_WORK ORDER_
Repeat the data word for word and skip the pictures.

_THE DATA_
☆ ☆ ☆ ☆
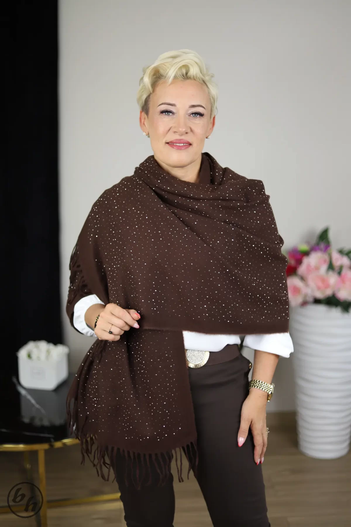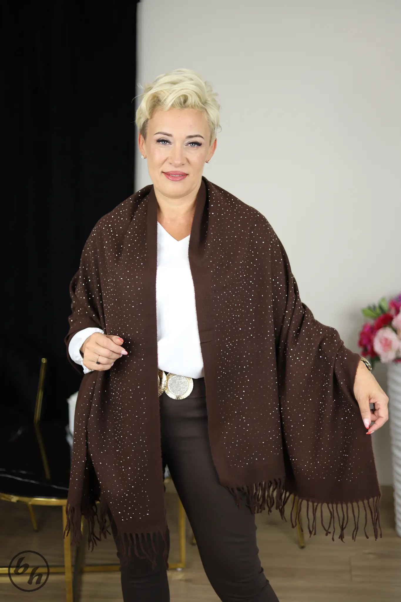 Elegancki Szal z Błyszczącym Akcentem – Idealny Dodatek na Każdą Okazję! Ten wyjątkowy szal to połączenie ciepła, komfortu i efektownego designu. Jest to duży, prostokątny model zapewniający maksymalny komfort noszenia i pozwalający na wiele opcji stylizacyjnych – od luźnego narzucenia na ramiona po szczelne owinięcie szyi.
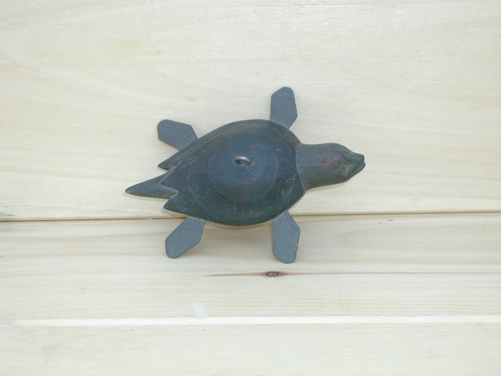 This lovable, little Turtle is carved from white pine, has inletted metal legs, and brass tack eyes. He measures apprx. 5 ½” long x 1 ¾” high x 3 ½” wide (with fins).
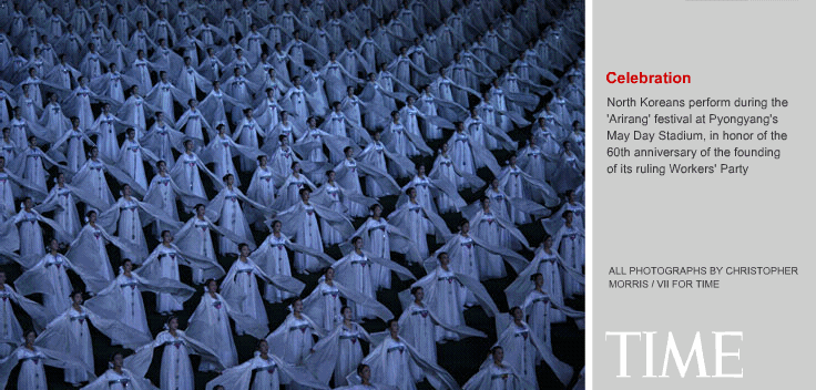为了庆祝朝鲜劳动党建党60周年,在平壤的五一体育场内演出的大型歌舞”阿里郎”
☆ ☆ ☆ ☆
_RESPONSE BELOW_
 Elegancki Szal z Błyszczącym Akcentem – Idealny Dodatek na Każdą Okazję! Ten wyjątkowy szal to połączenie ciepła, komfortu i efektownego designu. Jest to duży, prostokątny model zapewniający maksymalny komfort noszenia i pozwalający na wiele opcji stylizacyjnych – od luźnego narzucenia na ramiona po szczelne owinięcie szyi.
 This lovable, little Turtle is carved from white pine, has inletted metal legs, and brass tack eyes. He measures apprx. 5 ½” long x 1 ¾” high x 3 ½” wide (with fins).
为了庆祝朝鲜劳动党建党60周年,在平壤的五一体育场内演出的大型歌舞”阿里郎”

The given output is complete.